Galerie Greta Meert is delighted to present the first solo exhibition in Brussels by the American artist Noam Rappaport. Titled TEN, the exhibition brings together a series of recent works on the gallery’s ground floor that, while sharing a common sensibility, each maintain a strong individual presence. The title itself resists exact quantification; the number is approximate, suggesting possibility rather than fixed count. From the outset, the exhibition invites viewers to look without feeling compelled to decipher.
Rappaport’s works rarely begin with a preconceived plan. They emerge instead through material experimentation: impulsive markings, fragments from the studio, and unstructured drawing produced between other projects. As the artist notes, there is often not even a clear intention to make a painting. An initial gesture, accidental, spontaneous, offhand, determines the work’s direction.
Some paintings resolve themselves quickly; others take months or years to settle. What matters is not a predetermined outcome, but allowing the work to arrive at its own form, without obligation or fixed meaning. Whether one painting resembles another is of little concern; each follows its own internal logic.
This openness gives the works a curious relationship to time. They resist easy placement within a specific canon or historical moment, appearing at once aged and remarkably fresh. The playful use of color in the central field, open, ambiguous, and outward-facing, gives each work a distinct character, while an underlying sensibility binds them together as a group.
In an earlier context, Matthew Higgs described Rappaport’s works as ‘discrete yet related’, a phrase that resonates here, capturing both the singularity of each piece and their quiet kinship.
Contrast serves as a central principle throughout the series. Color, material, form, and composition continually shift between opposites rather than resolving them. Bright passages meet muted tones; hard edges dissolve into softer expanses; deliberate marks sit beside accidental residue. This dynamic is especially evident in the relationship between painting and frame. While the paintings themselves resist fixed obligation, the frames assume a supporting role: they enclose, stabilise, and amplify what unfolds at the centre.
At once sculptural and graphic, the frames remain understated yet unmistakably present. They function as containers that allow the paintings to assert themselves while retaining an autonomy of their own. In the artist’s view, they sometimes resemble self-contained paintings: spatial and material echoes of what they surround. The frame monumentalises without dominating; it anchors without imposing, extending the work outward as a quiet counterbalance to the impulsive interior.
This relationship between centre and edge gives the exhibition its understated structural coherence. The paintings remain open-ended; the frames provide structure. Each pairing operates as a small economy in which improvisation and structure hold one another in balance. The often-noted idiosyncrasy of Rappaport’s practice emerges here not as eccentricity, but as the natural consequence of a process that resists predetermination.
Painting by painting, TEN unfolds as a meditation on containment and revelation, impulse and care, singularity and cohesion. Each work inhabits its own temporality, yet together they form a shared space. It is within this tension between the individual gesture and the collective framework that the exhibition finds its coherence.
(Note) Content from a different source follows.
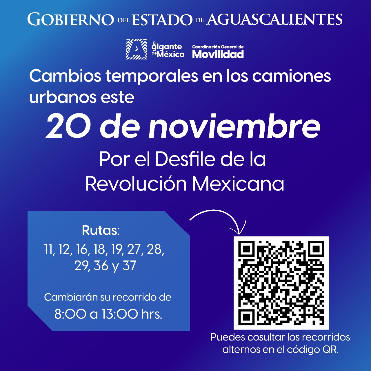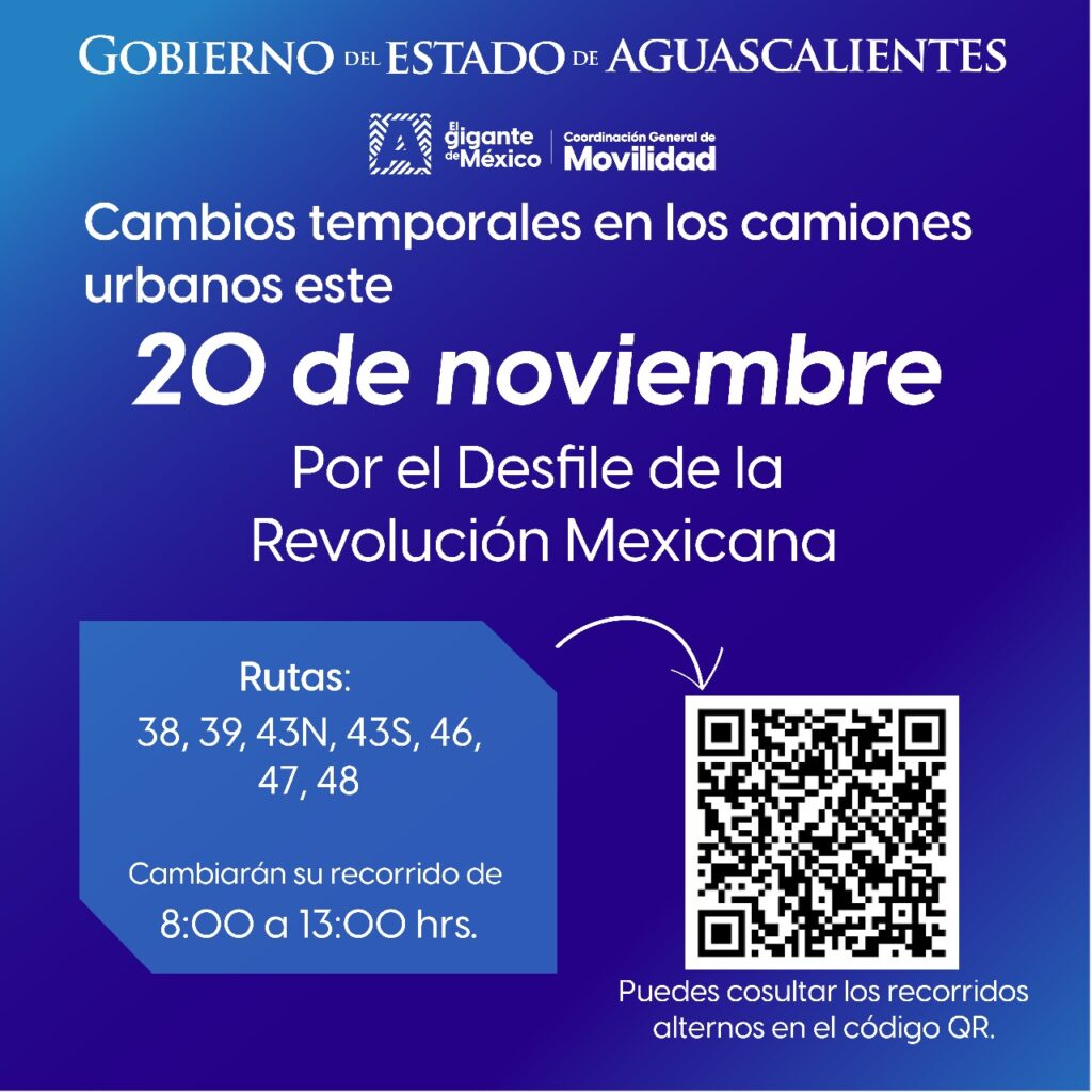 🚌🇲🇽✨ Este 20 de noviembre, Aguascalientes vivirá una de las celebraciones más importantes del año: el desfile por el CXV Aniversario de la Revolución Mexicana. Para asegurar un flujo ordenado, seguro y funcional en las principales vialidades, el Gobierno del Estado anunció ajustes temporales en 27 rutas de transporte urbano, cambios que permitirán mantener el servicio sin afectar el desarrollo del evento cívico. 👇🏽👇🏽

The title functions less as a count than as an anchor, suggesting both the completion of a cycle and the beginning of another. Rappaport’s exhibition rewards sustained looking rather than being deciphered, and offers the viewer precisely what an exhibition at its best affords: an open field in which the act of looking itself rediscovers its openness and repose.
Noam Rappaport lives and works in Grass Valley, California, USA.